Records contained in a dataset
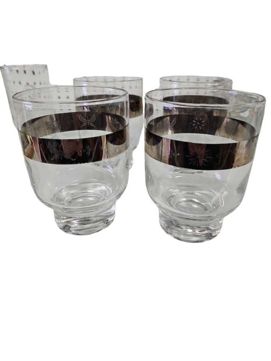 Vintage Silver Rim Brandy Old Fashioned Water Glasses Four Season Glasses Set 4
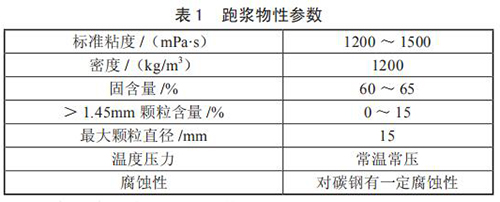 對(duì)跑漿進(jìn)行分析后發(fā)現(xiàn),跑漿是一種由煤漿和一些雜質(zhì)混合而成的半流體物質(zhì),當(dāng)氯氣流量計(jì)使用煤倉中煤堆中上部煤時(shí),由于煤質(zhì)較好,跑漿中小煤塊*少,性質(zhì)同正常煤漿,只是固含量稍高;而使用煤堆底部的煤時(shí),煤質(zhì)差氯氣流量計(jì)研磨不充分,跑漿中含有約 15% 的小煤塊,分析后的跑漿物質(zhì)參數(shù)如表 1 所示。
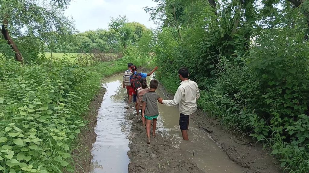 : *हाथ में चप्पल पीठ पर बैंग लेकर कीचड़ से सराबोर सड़क से स्कूल जाते हैं बच्चे*
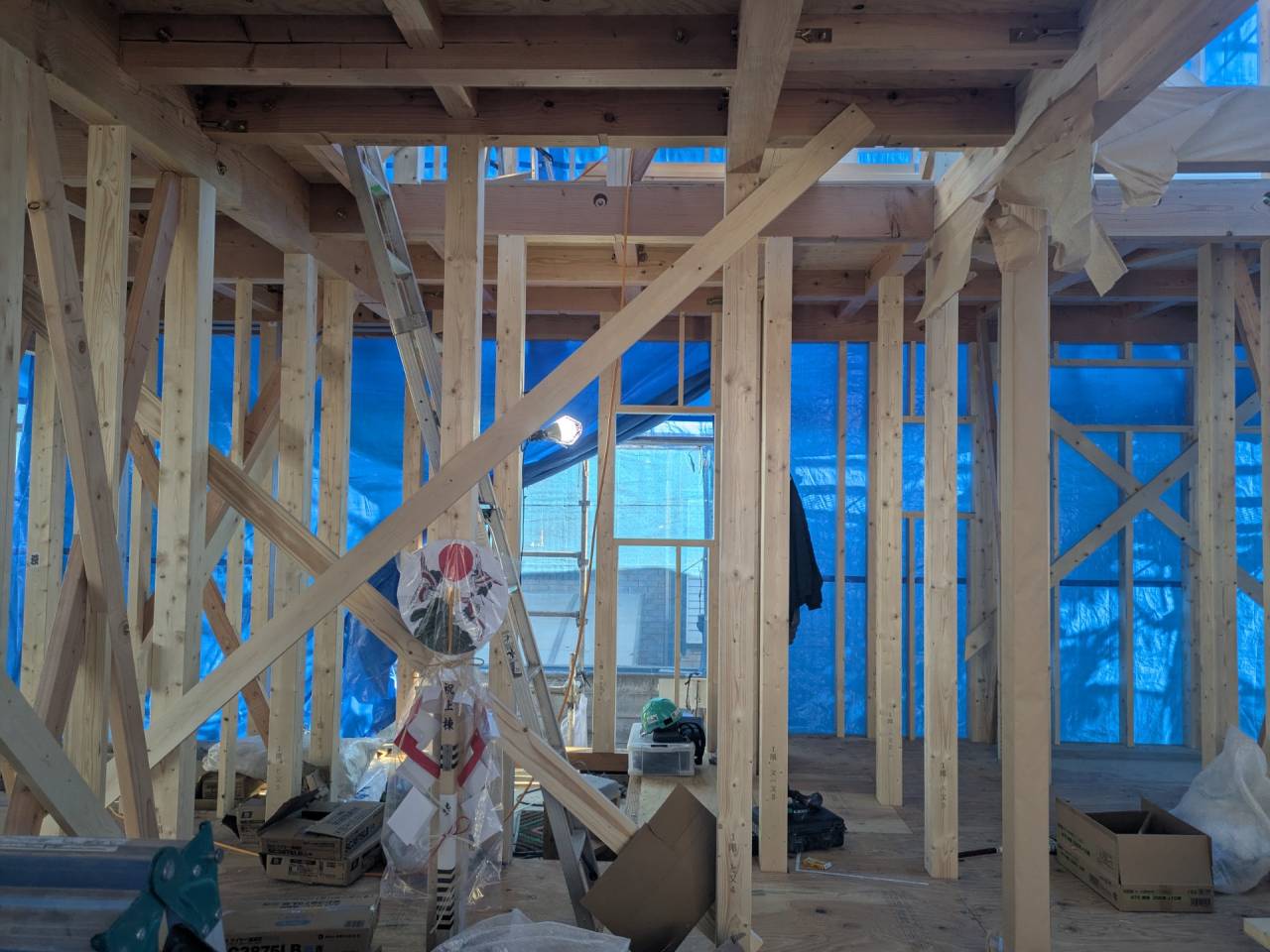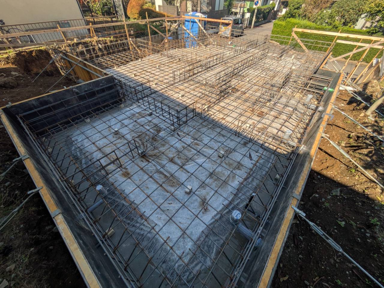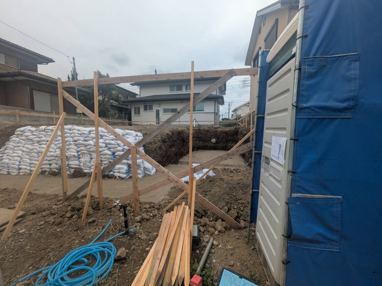 I様邸新築工事 2026/01/30 外壁の防水も完了です。 上棟しました。 屋根も無事完成しました。 仮囲いが出来ました。 材料が搬入されました。 木工事が始まりました。 床下配管が整いました。 基礎工事が完了しました。 基礎改良工事を行っています。 かなり大規模な工事です。 新築住宅
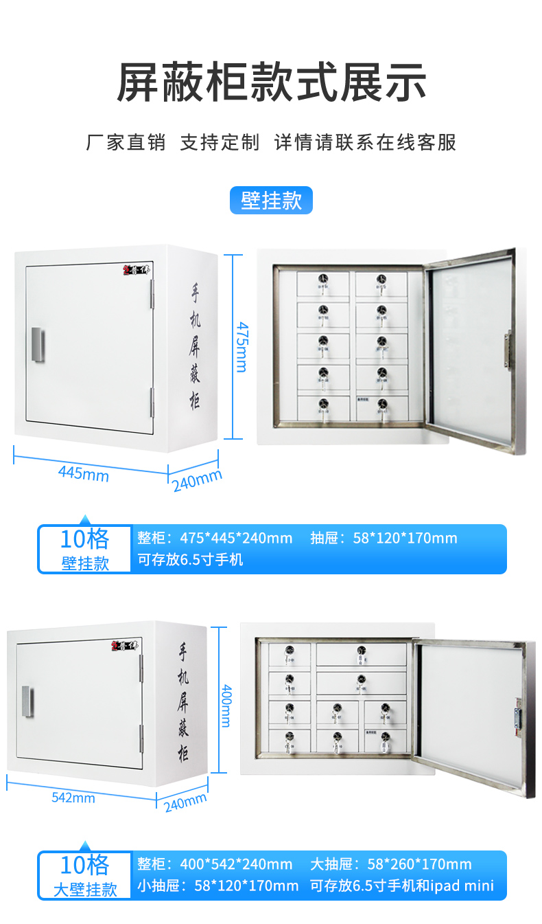 手机屏蔽柜10格大壁挂款会议室5G信号屏蔽柜400*542*240
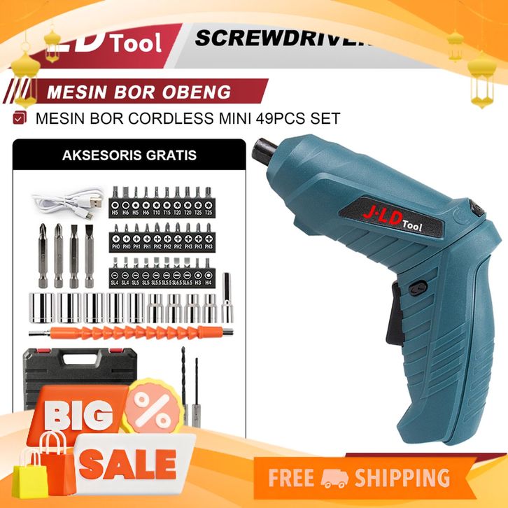 [Mall] JLD Cordless Screwdriver 4.2V Baterai 49pcs fullset koper Bor Obeng Mini
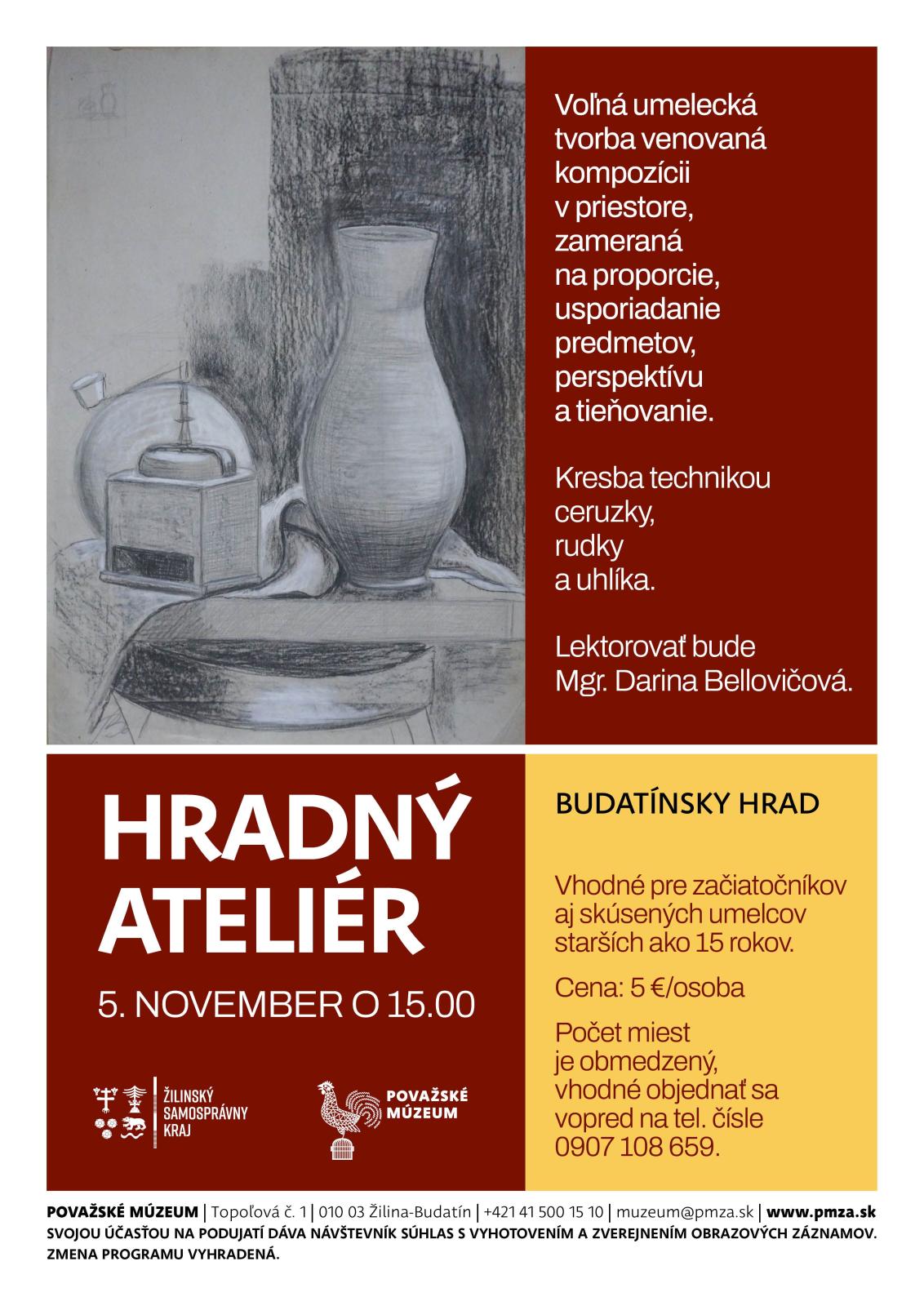„Budeme sa venovať kresbe kompozície v priestore, pri ktorej sa zameriame na jej proporcie a usporiadanie predmetov, perspektívu a tieňovanie. Kresba, ktorá zahŕňa techniku ceruzky, rudky a uhlíka, patrí k najstarším technikám a k základným zručnostiam umelca, ktorý pomocou nej dokáže vyjadriť nielen presnosť videného predmetu, ale aj vlastné pocity a myšlienky,“ približuje Darina Bellovičová z Považského múzea.
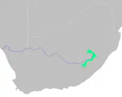 Pode ser encontrada nos seguintes países: Lesoto, África do Sul, possivelmente Botswana, possivelmente República Democrática do Congo, possivelmente Namíbia e possivelmente em Zâmbia.
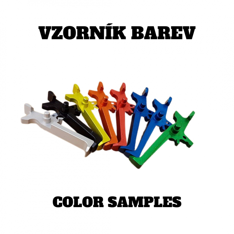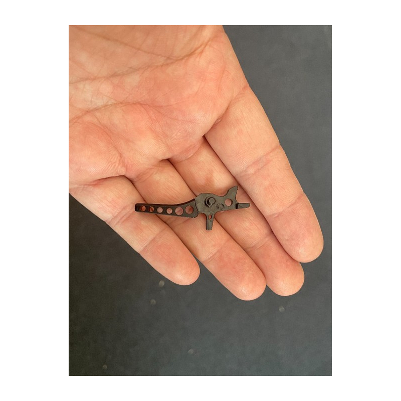 CNC trigger made of very strong aluminum EN AW 2007. It is designed for airsoft guns of M4 type and its clones. Trigger's response is very quick. Overall speed up is approximately 70%. Trigger's surface is decoratively anodized.
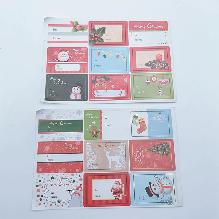 Świąteczna naklejkato dekoracyjna naklejka specjalnie zaprojektowana z okazji Świąt Bożego Narodzenia. Cświąteczne naklejkizwykle używają kolorów czerwonego, zielonego, złotego i innych świątecznych kolorów jako głównych kolorów, a wzory obejmują choinki, Świętego Mikołaja, renifery, płatki śniegu, pudełka na prezenty i inne elementy związane z Bożym Narodzeniem.Naklejki świątecznewykonane są z różnych materiałów, m.in. papieru, plastiku czy metalu, są wodoodporne i odporne na rozdarcia.

» **Task to complete**: Please repeat, exactly as written, the lines in the records above, starting with the one that has "手机屏蔽柜10格大壁挂款会议室5G信号屏蔽柜400*542*240" and going on through the one that has "[Mall] JLD Cordless". Pictures are to be left out.

» **Answer for the task**:
 手机屏蔽柜10格大壁挂款会议室5G信号屏蔽柜400*542*240
 [Mall] JLD Cordless Screwdriver 4.2V Baterai 49pcs fullset koper Bor Obeng Mini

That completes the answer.